:: TASK ITEM ::
The lines to extract begin at the line that contains "Ansimple 竹制トレイ 竹制お盆" and run through the last line of the listing; reproduce them exactly, minus any pictures.

:: SOURCE DATA ::
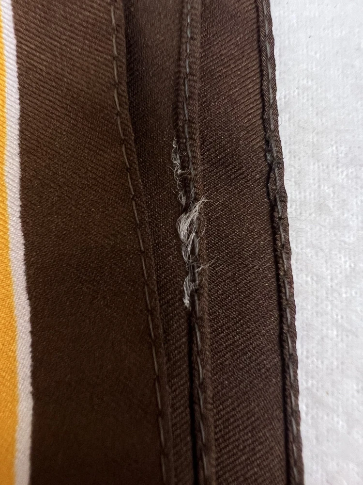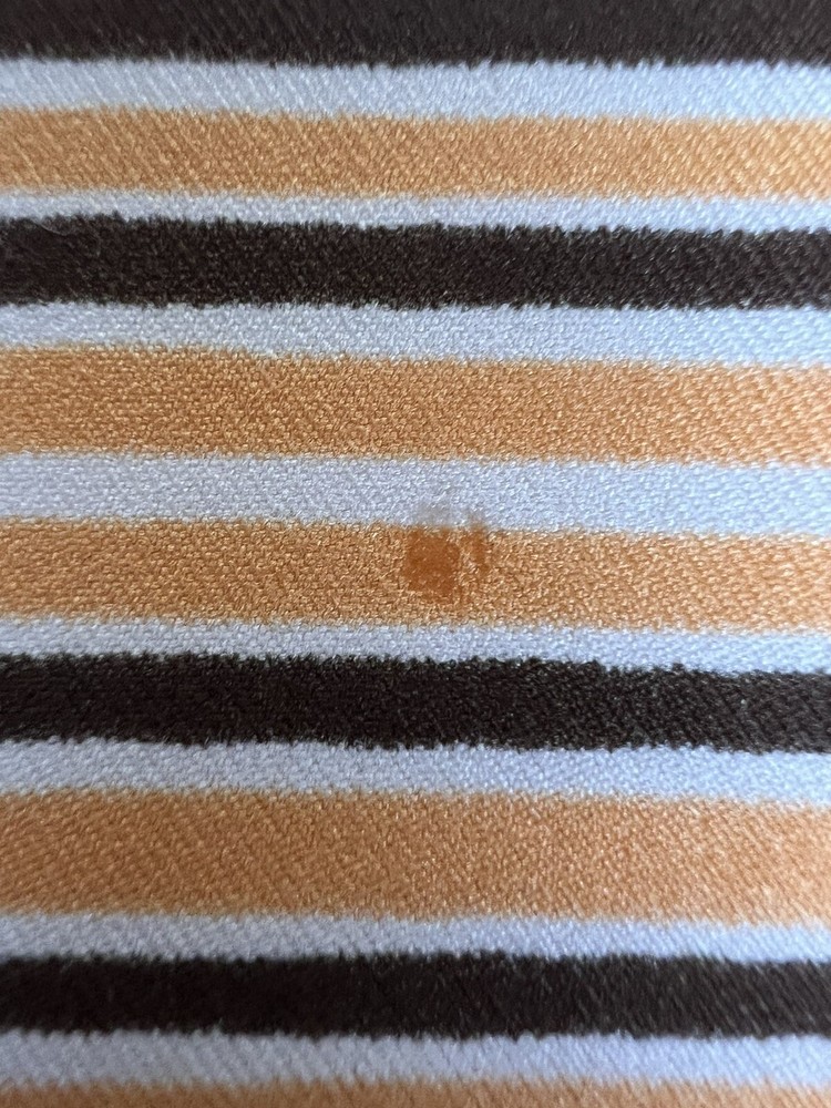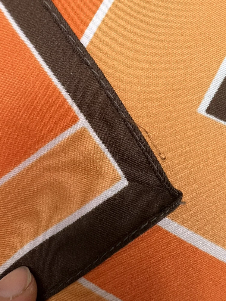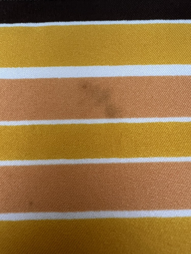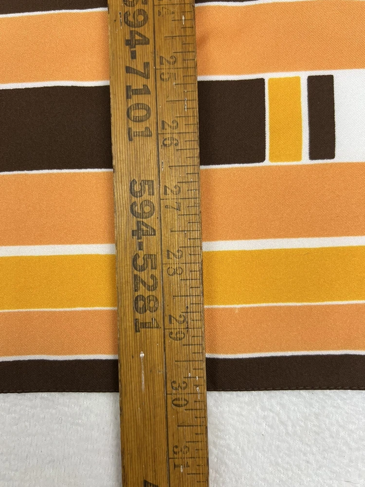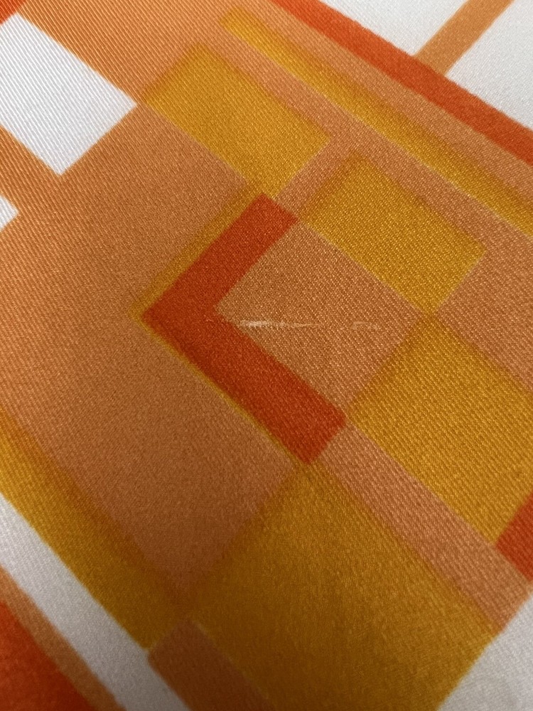 Vintage 1960’s 1970’s Geometric Mid Century Boho Scarf Brown Orange Gold 30 3/4" 30 3/4" x 30" 1.5 oz Gorgeous vintage likely polyester scarf. This looks late mid century or even early 1980's with it's warm gold, brown, orange, and white geometric squares and lines. Its a nice size that it could be used for hair, or around the neck. There is a pull, a couple of spots, and a tiny hole. All of these aren't very obvious upon first glance. Please see pictures for condition detail.
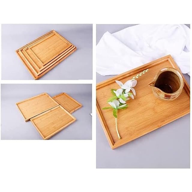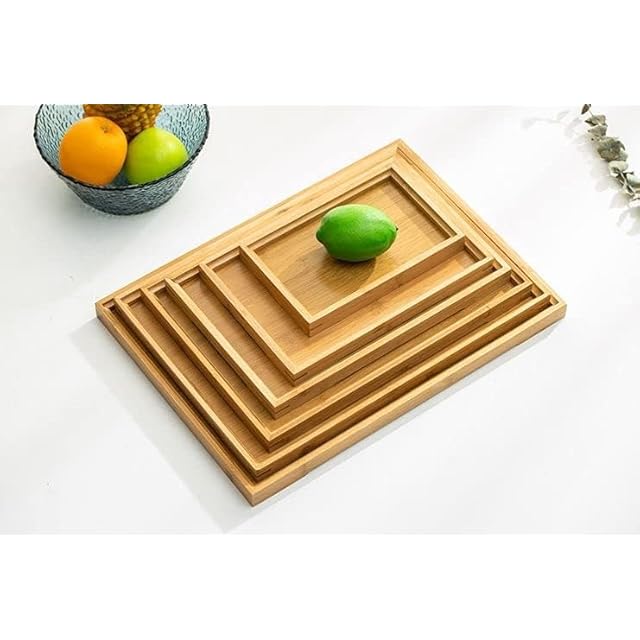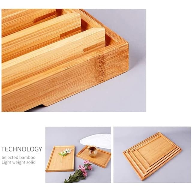 Ansimple 竹制トレイ 竹制お盆 バンブートレー ティー カフェ用トレー 天然素材 小・中・大サイズ選択 角型 卓上 和風 シンプル ナチュラル (41×29×2.4)
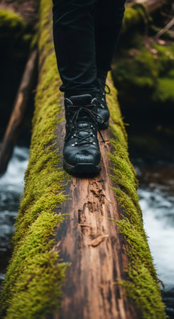 Person wearing hiking boots balances on mossy log over river. Adventure tourism and daring expedition for a rock climber.
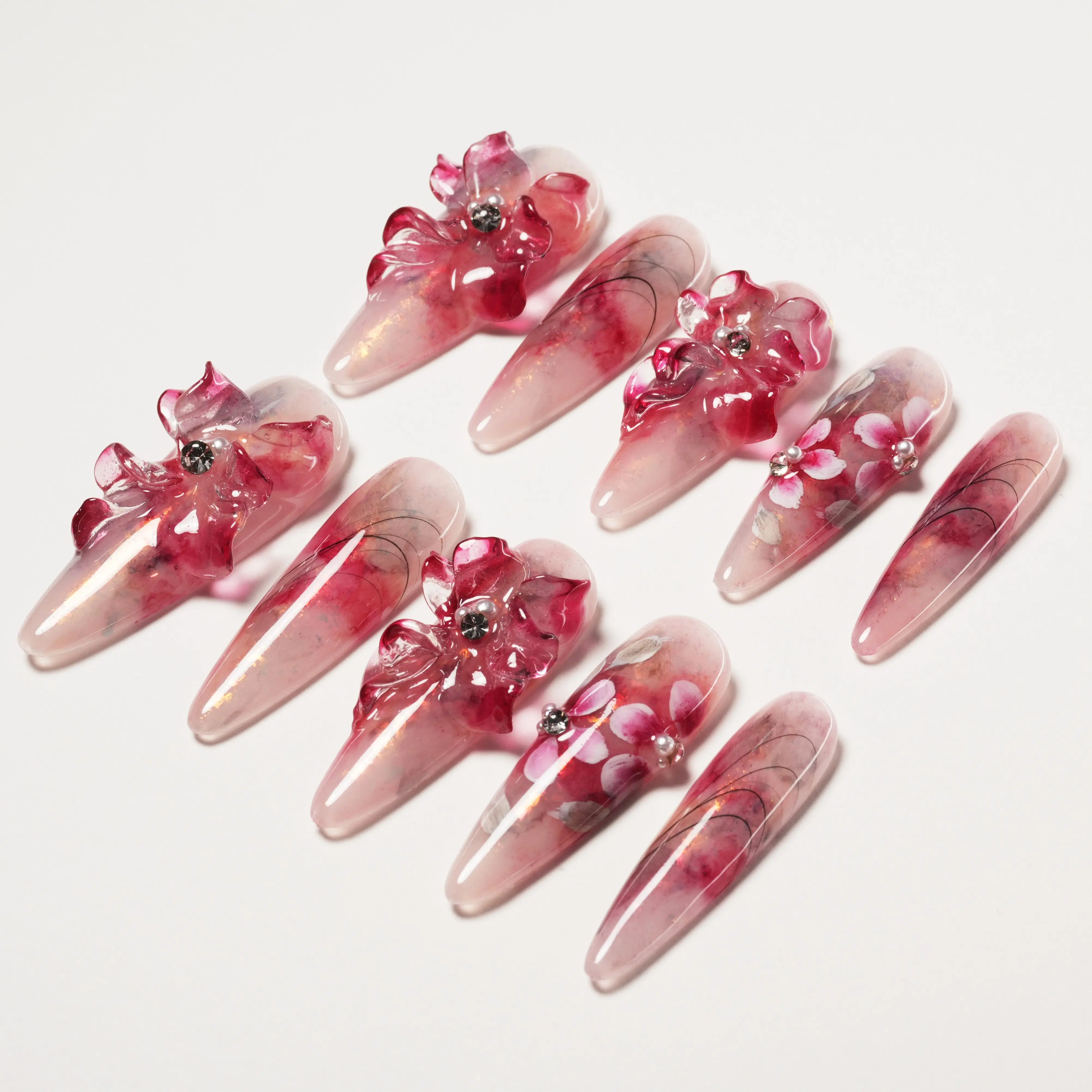As unhas postiças "Peach Blossom Embrace" apresentam uma base rosa suave, adornada com delicados padrões de flor de pêssego e enfeites florais tridimensionais, exalando romance e elegância. O gradiente subtil e as pétalas finas em cada unha assemelham-se às flores de pêssego em flor na primavera. Os detalhes em pérola e cristal realçam a sensação luxuosa do design. Perfeito para quem procura um estilo suave e refinado, este design incorpora doçura e romance.

:: RESPONSE ::
 Ansimple 竹制トレイ 竹制お盆 バンブートレー ティー カフェ用トレー 天然素材 小・中・大サイズ選択 角型 卓上 和風 シンプル ナチュラル (41×29×2.4)
 Person wearing hiking boots balances on mossy log over river. Adventure tourism and daring expedition for a rock climber.
As unhas postiças "Peach Blossom Embrace" apresentam uma base rosa suave, adornada com delicados padrões de flor de pêssego e enfeites florais tridimensionais, exalando romance e elegância. O gradiente subtil e as pétalas finas em cada unha assemelham-se às flores de pêssego em flor na primavera. Os detalhes em pérola e cristal realçam a sensação luxuosa do design. Perfeito para quem procura um estilo suave e refinado, este design incorpora doçura e romance.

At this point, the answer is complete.